Lessons From the Battlefield

A Gulf War veteran leads Dell’s front lines with teamwork and diversity

Mel Parker, Vice President and General Manager, North America Consumer and Small Office organization, Dell
Mel Parker, Vice President and General Manager, North America Consumer and Small Office organization, Dell

Mel Parker, vice president and general manager of the North America Consumer and Small Office Organization for Dell, knows firsthand that veterans moving into the corporate workforce face unique challenges, particularly in learning and adapting to a corporate culture that might not be as clear and definitive in workplace expectations as a military environment. But veterans also offer strategic benefits from their military experience.

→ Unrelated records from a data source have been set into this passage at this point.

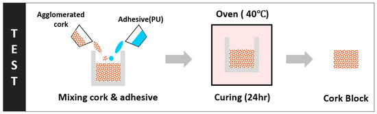 Mix mass ratios of both cork (2–3 mm, Amorim Cork, Santa Maria de Lamas, Aveiro, Portugal) and the two-part colourless polyurethane elastomer (WC565, Barnes, New Zealand) were carefully measured using precision scales prior to mixing at the predetermined binder/cork mix mass ratios given in Table 1, as shown in the schematic diagram of the preparation process (Figure 1).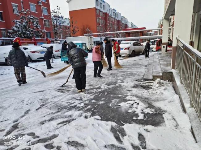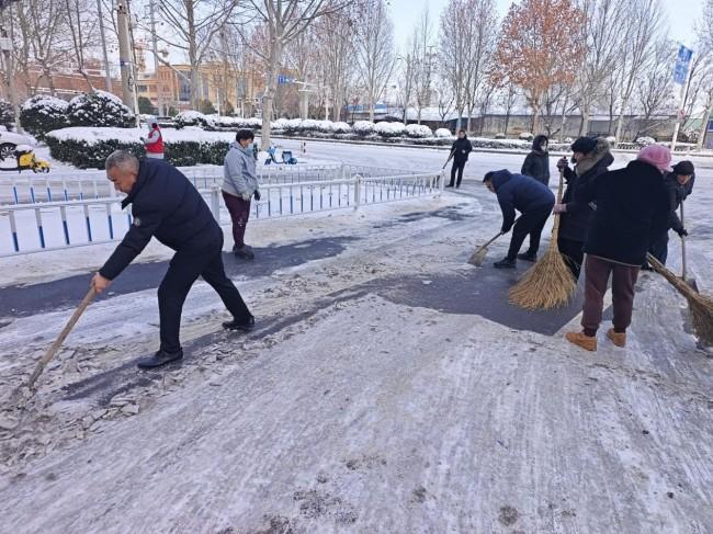 各村(社区)党组织带领党员志愿者及群众组成的清雪队伍,深入背街小巷、居民小区,集中对主干道、社区内部、医院周边等区域开展集中清理,形成“党员带头、群众参与”的清雪热潮。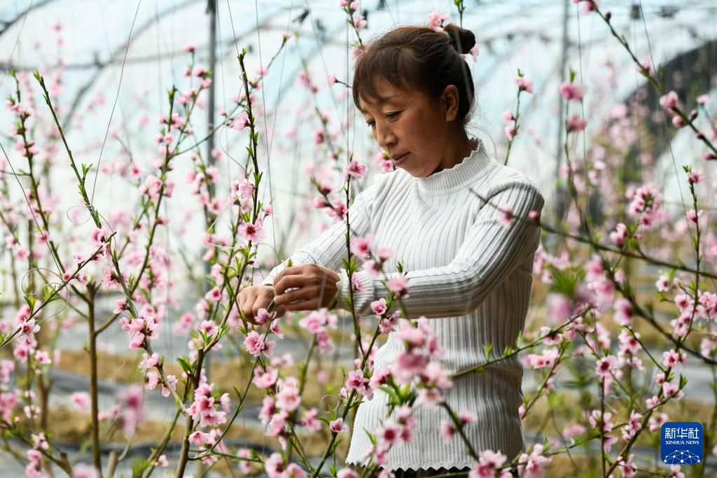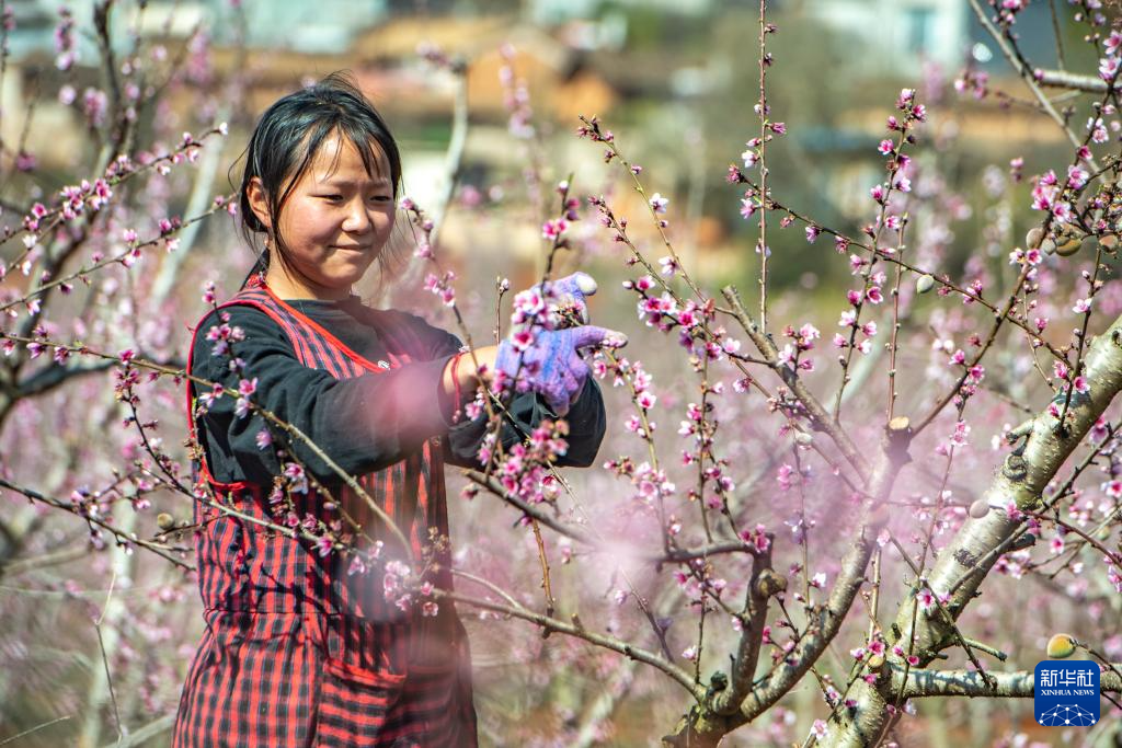 2月4日,农民在云南省文山壮族苗族自治州文山市马塘镇珍珠蜜桃基地疏花。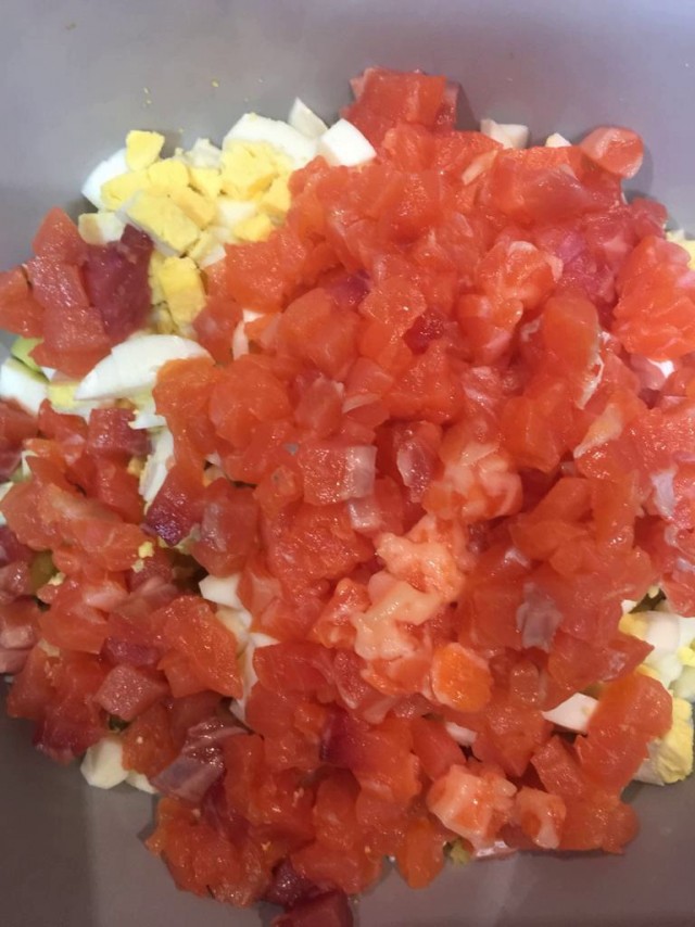 Попался мне когда то в интернете интересный и простой рецепт необычного салата, попробовали с супругой очень понравился, дети тоже заценили. Делается быстро, легко, да и не так дорого с учётом новогодних скидок на малосольную рыбку.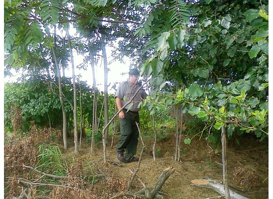(Jim searching a patch of trees and undergrowth next to the planted cornfield for the wayward puppy)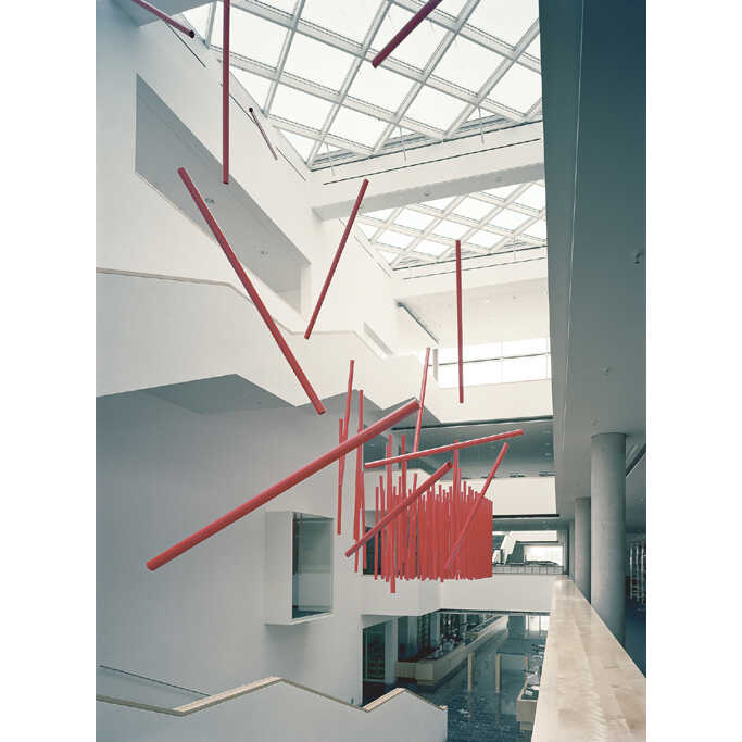 / Die pulverbeschichteten roten Aluminiumrohre werden durch die im Raum vorhandenen Luftströmungen in eine langsame Drehbewegung um ihren Aufhängepunkt versetzt. /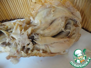 А в это время дошла наша курочка. Теперь самое сложное. Нужно очень аккратно поднять курочку. Она очень нежная и может легко развалиться. Поэтому ее надо сначала очень аккуратно отделить от стенок формы. Признаюсь честно, одно крыло и "попка" у меня все-таки отвалились. На итоговых фото пришлось их "присобачивать" к тушке.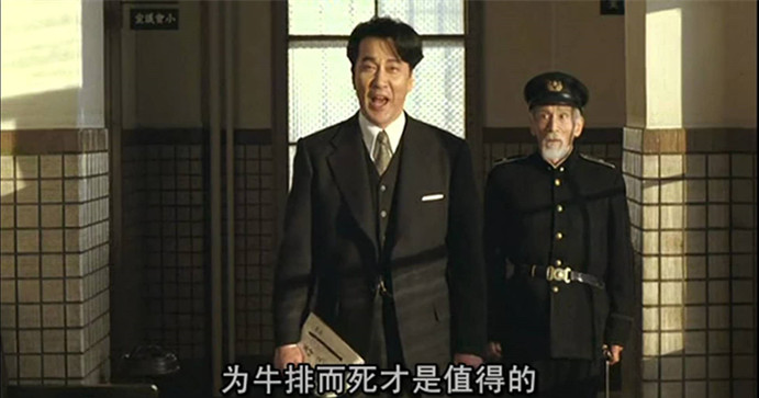 最终向坂还是忍不住地对着离去的椿一高喊:平安回来,不要为了祖国而牺牲,为牛排而死才是值得的。

“Everything from establishing mutual trust, building credibility, and learning how to take care of your team counts exactly the same and is as critical and important to corporate success as it was to success in the military,” says Parker, a decorated combat veteran who participated in Operations Desert Storm and Desert Shield during the Gulf War and who served with distinction in the 82nd Airborne Division at Fort Bragg, North Carolina.

A graduate of the U.S. Military Academy at West Point, who majored in computer science with a minor in electrical engineering, Parker held a variety of corporate leadership positions, including vice president of North America Sales and Marketing with Newell Rubbermaid and director of sales at Bristol-Myers Squibb, prior to joining Dell in 2009.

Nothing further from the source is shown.